If your church wants to be better, maybe it should start competing with other churches.

Judging from the reactions I get from some church people after I say that, you’d think I’d suggested adding Justin Bieber to the Holy Trinity.

Some of us have become afraid of the word competition. We think the concept is worldly, even evil. But competition doesn’t need to be a bad thing. At its best, competition can make everyone stronger.

In the church world, fear of competition comes largely from a misconception commonly heard in economics discussions. Some of us think that the number of potential church members in a community make up a pie, and that the size of that pie is fixed. Each church gets a piece of that pie, and the only way to get a bigger piece is to take pie from the other churches.

This simply isn’t so. Here’s why.

In the business world, if a product has reached market saturation, then the pie analogy starts to have some validity. Theoretically, once there are no new customers for a particular type of product, competing vendors are forced to go after each other’s customers to increase their market share.

But Christianity is nowhere near market saturation, so churches don’t need to compete for the same people.

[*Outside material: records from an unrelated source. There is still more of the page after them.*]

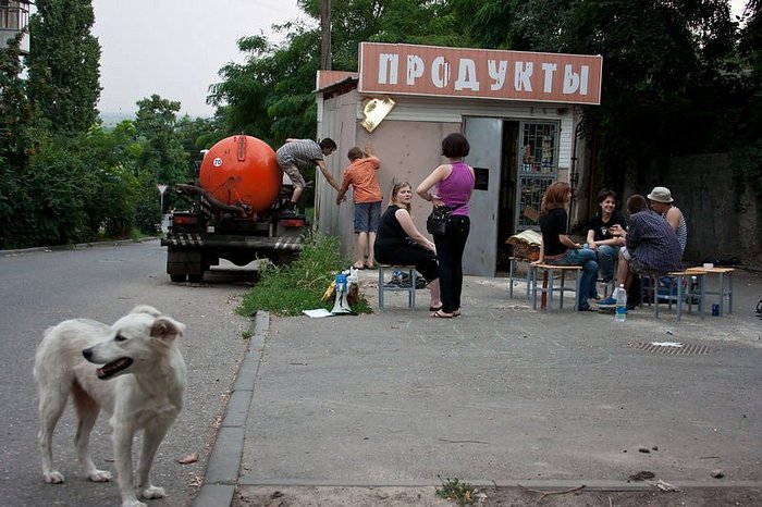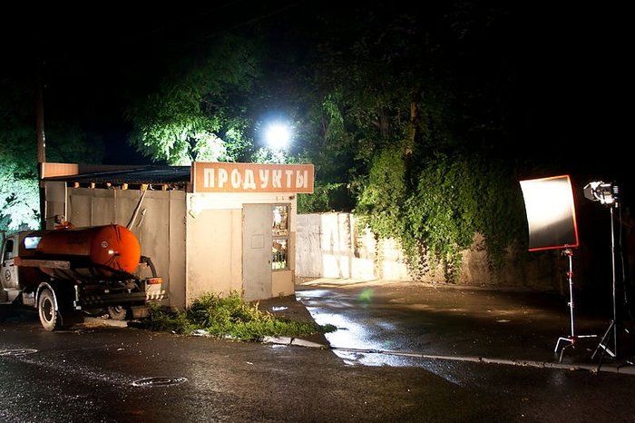 Так отчего же эта машина так запала мне в душу? Дело в том, что она, собственно, и «делала» кадр. Без нее это был бы просто скучный и ничем не отличающийся от тысяч своих собратьев ларек. Но стоящий в метре от окошка, в котором люди покупают хлеб, говновоз сразу создавал внутрикадровый конфликт. Да, я прекрасно понимаю, что 99% людей никогда не обратят внимание какая там машина в эпизоде, который длится несколько секунд. Но даже у них на невербальном уровне от такого соседства возникает ощущение провинциальности происходящего. А именно этого я и добивался.
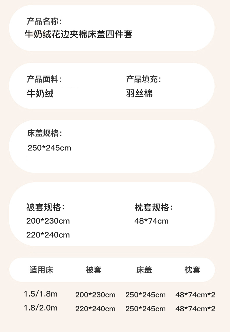 2.0m床盖款四件套(床盖250x245被套220x240)
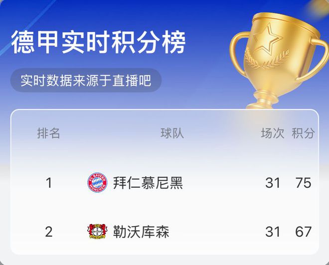 德甲積分榜:拜仁下輪取勝即奪冠,若藥廠不勝拜仁無論勝負均奪冠
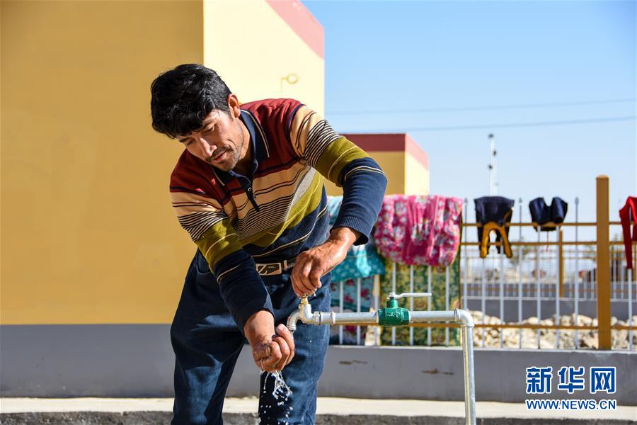 買合肉甫·木拉吧在庭院里洗手。相較于去河里取水,新城里的自來(lái)水大大方便了生活(10月28日攝)。新華社記者 關(guān)俏俏 攝

The reality, of course, is that a congregation that is effective at attracting the unchurched is also going to occasionally steal a few sheep from the church down the street. This is normal, and it need not be taken personally. There’s a big difference between directly targeting another church’s members and attracting them while trying to reach a different group.

Remember, people in the pews often have the same hang-ups about church as the ones who aren’t already part of a congregation—they just haven’t figured out how to escape yet. There’s no way to attract one group without appealing to the other. 

So what’s the point of competing if it isn’t to destroy the competition?

Well, for one, to raise the bar and improve everyone’s game. Competition can be friendly.

Consider one-on-one basketball. Although you want to win every time you play, if you have half a brain you also want your friend’s game to improve as well. Why? Because that pushes you to continue to raise the level of your game.

Playing against scrubs is good for your ego, but it won’t make you a better basketball player.